TASK ITEM: Could you transcribe exactly the lines below, from the line with "The rising wave" through the line with "V názve prepravy", and nothing else, leaving out the pictures?
[[ INPUT FOR THIS TASK open ]]
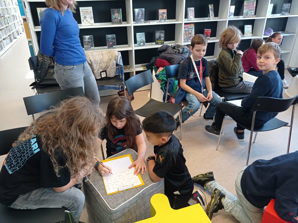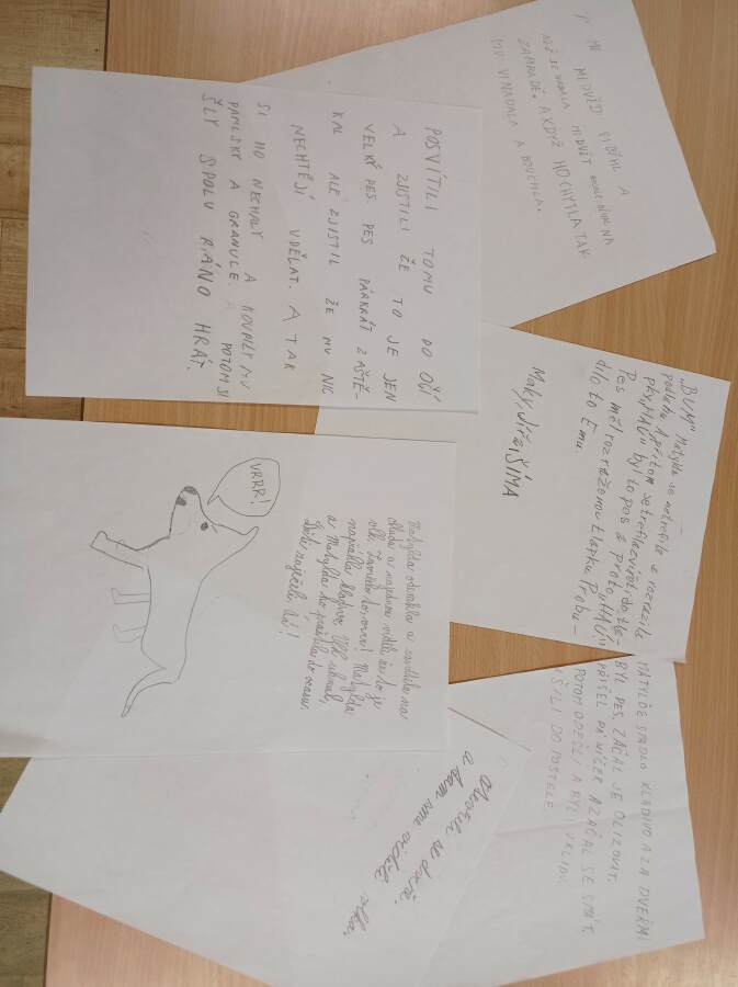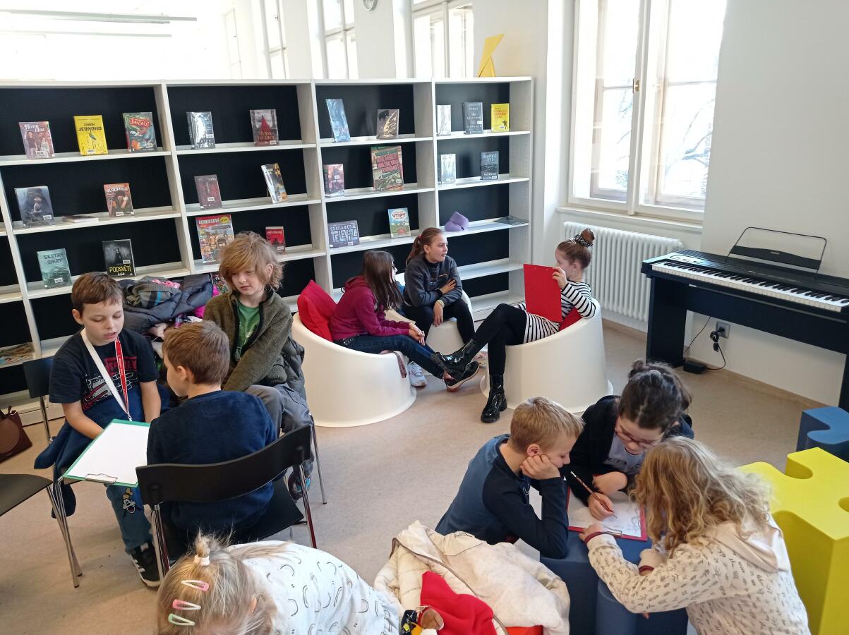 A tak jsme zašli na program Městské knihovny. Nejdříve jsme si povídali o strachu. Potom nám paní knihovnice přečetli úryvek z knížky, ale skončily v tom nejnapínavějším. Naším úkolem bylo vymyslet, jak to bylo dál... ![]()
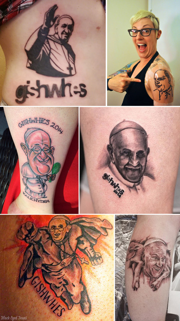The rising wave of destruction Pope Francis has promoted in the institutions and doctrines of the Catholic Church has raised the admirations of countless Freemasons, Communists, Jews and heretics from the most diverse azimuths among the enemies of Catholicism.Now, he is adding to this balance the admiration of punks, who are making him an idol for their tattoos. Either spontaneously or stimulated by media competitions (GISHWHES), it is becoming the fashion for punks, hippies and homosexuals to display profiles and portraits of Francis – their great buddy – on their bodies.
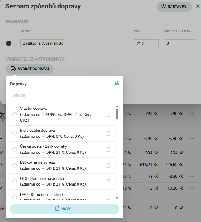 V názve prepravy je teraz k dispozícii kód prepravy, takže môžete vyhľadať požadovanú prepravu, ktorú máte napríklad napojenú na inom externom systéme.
[[ INPUT FOR THIS TASK closed ]]
[[ INPUT FOR THIS TASK open ]]
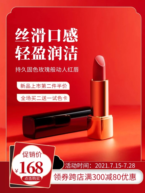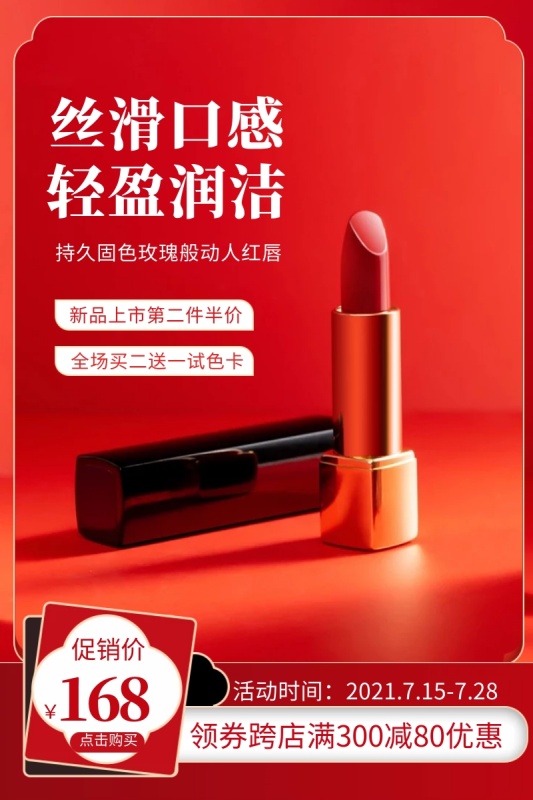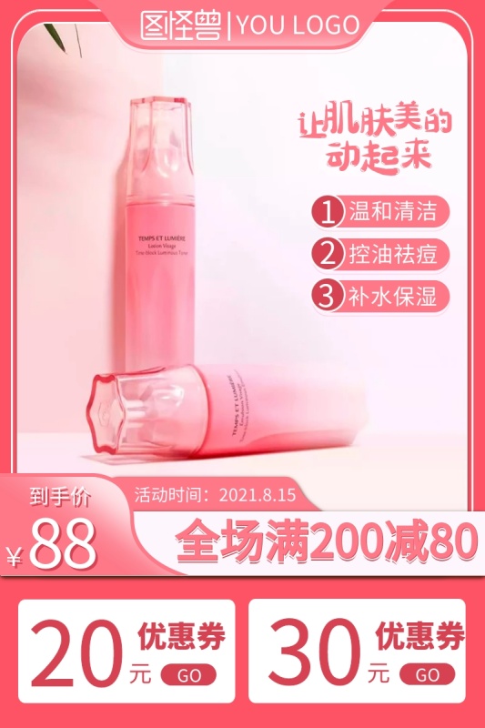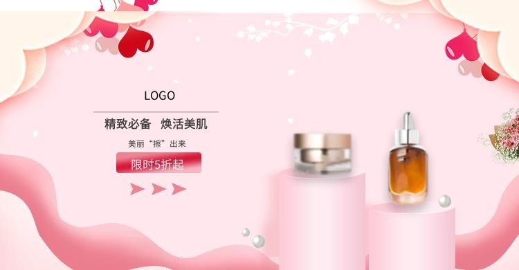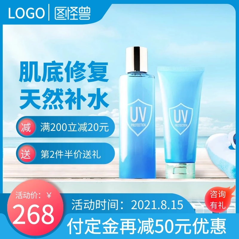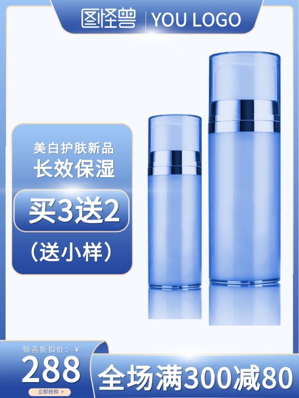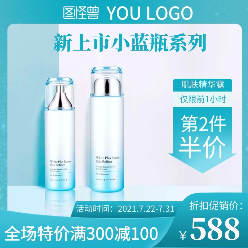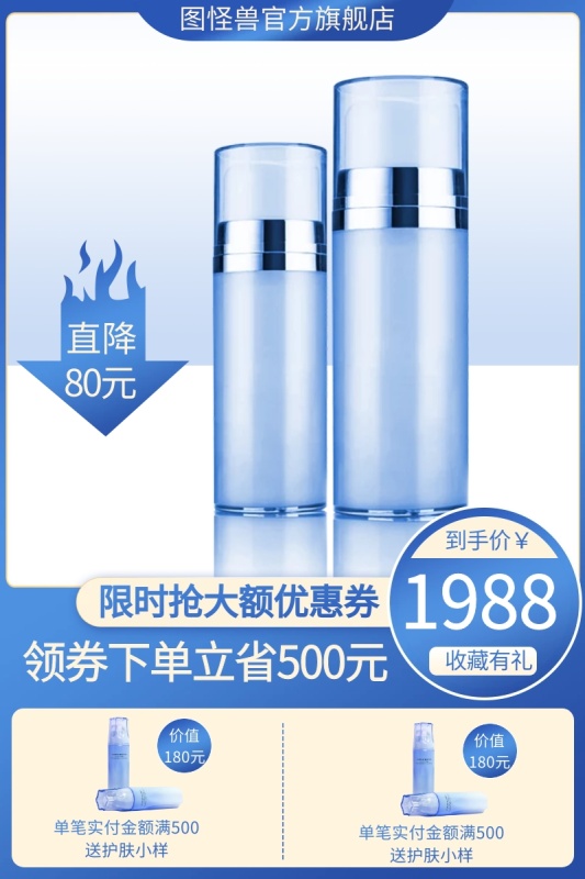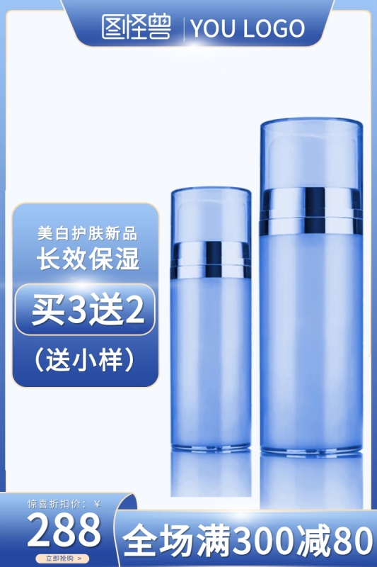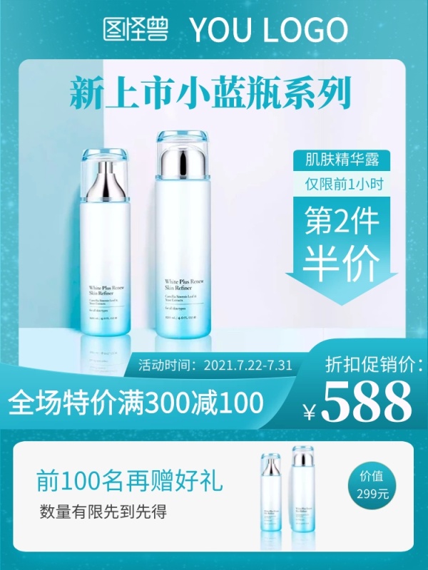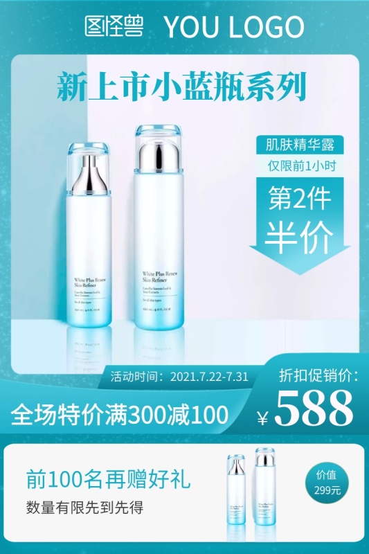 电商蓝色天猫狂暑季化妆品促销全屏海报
[[ INPUT FOR THIS TASK closed ]]
[[ INPUT FOR THIS TASK open ]]
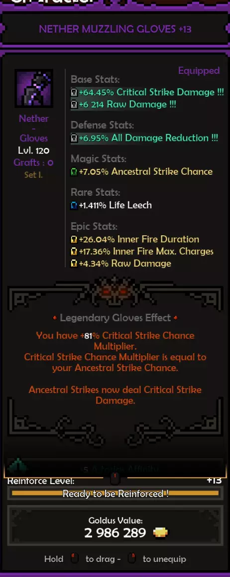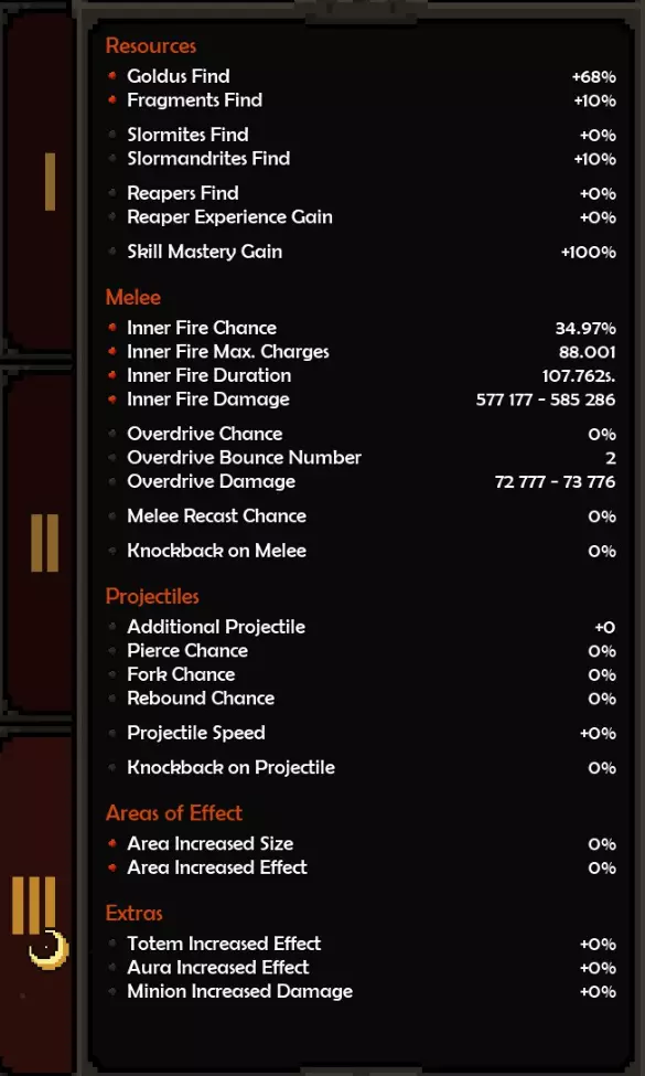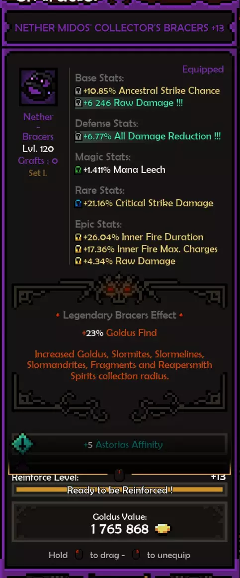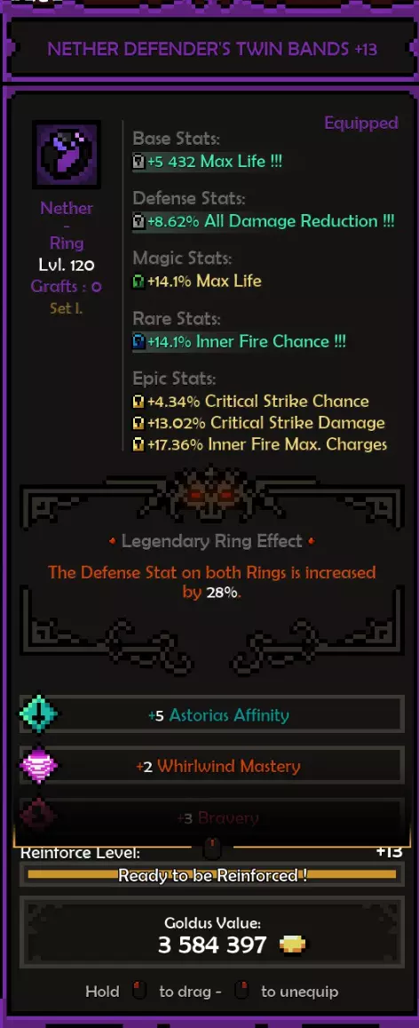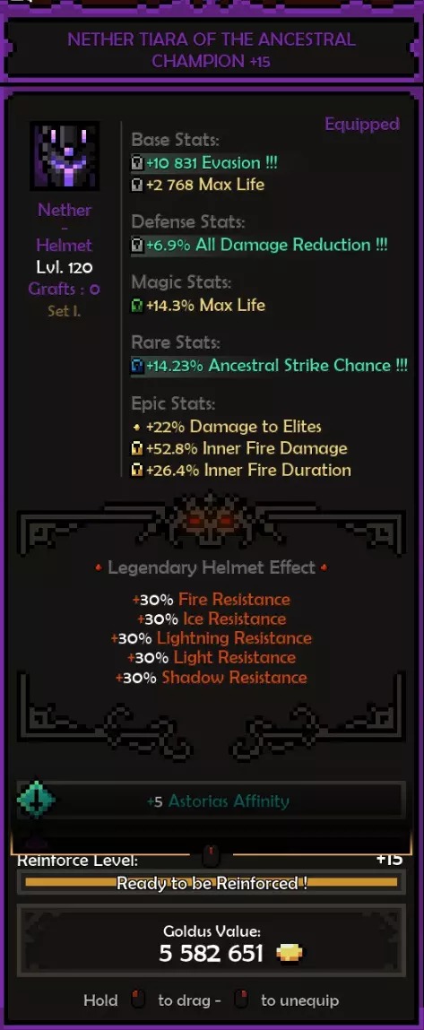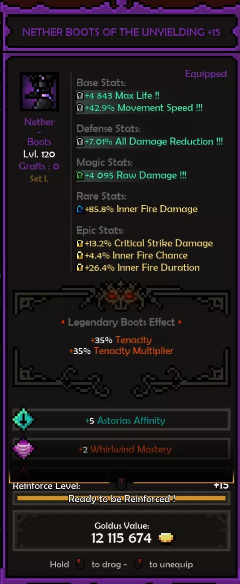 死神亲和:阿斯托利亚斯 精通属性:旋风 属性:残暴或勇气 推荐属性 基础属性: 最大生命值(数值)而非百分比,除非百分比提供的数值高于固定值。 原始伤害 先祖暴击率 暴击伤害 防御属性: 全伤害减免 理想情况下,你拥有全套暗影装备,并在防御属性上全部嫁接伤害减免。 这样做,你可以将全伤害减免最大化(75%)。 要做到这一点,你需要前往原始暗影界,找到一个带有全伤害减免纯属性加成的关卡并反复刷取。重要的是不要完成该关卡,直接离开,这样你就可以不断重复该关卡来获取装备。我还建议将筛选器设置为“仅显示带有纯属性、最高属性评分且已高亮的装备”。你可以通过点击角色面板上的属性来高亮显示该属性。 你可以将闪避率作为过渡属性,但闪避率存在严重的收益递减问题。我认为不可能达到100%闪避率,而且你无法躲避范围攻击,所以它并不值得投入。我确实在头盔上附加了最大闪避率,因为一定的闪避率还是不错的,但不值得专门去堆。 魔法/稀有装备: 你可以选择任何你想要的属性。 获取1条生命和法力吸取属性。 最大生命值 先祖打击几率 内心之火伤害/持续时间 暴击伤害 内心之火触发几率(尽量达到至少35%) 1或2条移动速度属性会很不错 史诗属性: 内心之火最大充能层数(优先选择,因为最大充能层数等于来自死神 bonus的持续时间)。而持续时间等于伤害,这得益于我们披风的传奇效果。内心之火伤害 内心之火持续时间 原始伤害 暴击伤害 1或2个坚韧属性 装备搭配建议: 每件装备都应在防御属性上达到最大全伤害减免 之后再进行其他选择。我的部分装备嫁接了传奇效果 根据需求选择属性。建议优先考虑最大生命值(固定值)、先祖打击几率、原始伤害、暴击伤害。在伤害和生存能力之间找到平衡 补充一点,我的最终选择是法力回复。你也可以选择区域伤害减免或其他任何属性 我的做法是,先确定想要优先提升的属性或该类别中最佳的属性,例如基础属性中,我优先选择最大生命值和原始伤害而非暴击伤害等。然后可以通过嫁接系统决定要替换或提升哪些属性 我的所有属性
[[ INPUT FOR THIS TASK closed ]]
EXPECTED OUTPUT:
The rising wave of destruction Pope Francis has promoted in the institutions and doctrines of the Catholic Church has raised the admirations of countless Freemasons, Communists, Jews and heretics from the most diverse azimuths among the enemies of Catholicism.Now, he is adding to this balance the admiration of punks, who are making him an idol for their tattoos. Either spontaneously or stimulated by media competitions (GISHWHES), it is becoming the fashion for punks, hippies and homosexuals to display profiles and portraits of Francis – their great buddy – on their bodies.
 V názve prepravy je teraz k dispozícii kód prepravy, takže môžete vyhľadať požadovanú prepravu, ktorú máte napríklad napojenú na inom externom systéme.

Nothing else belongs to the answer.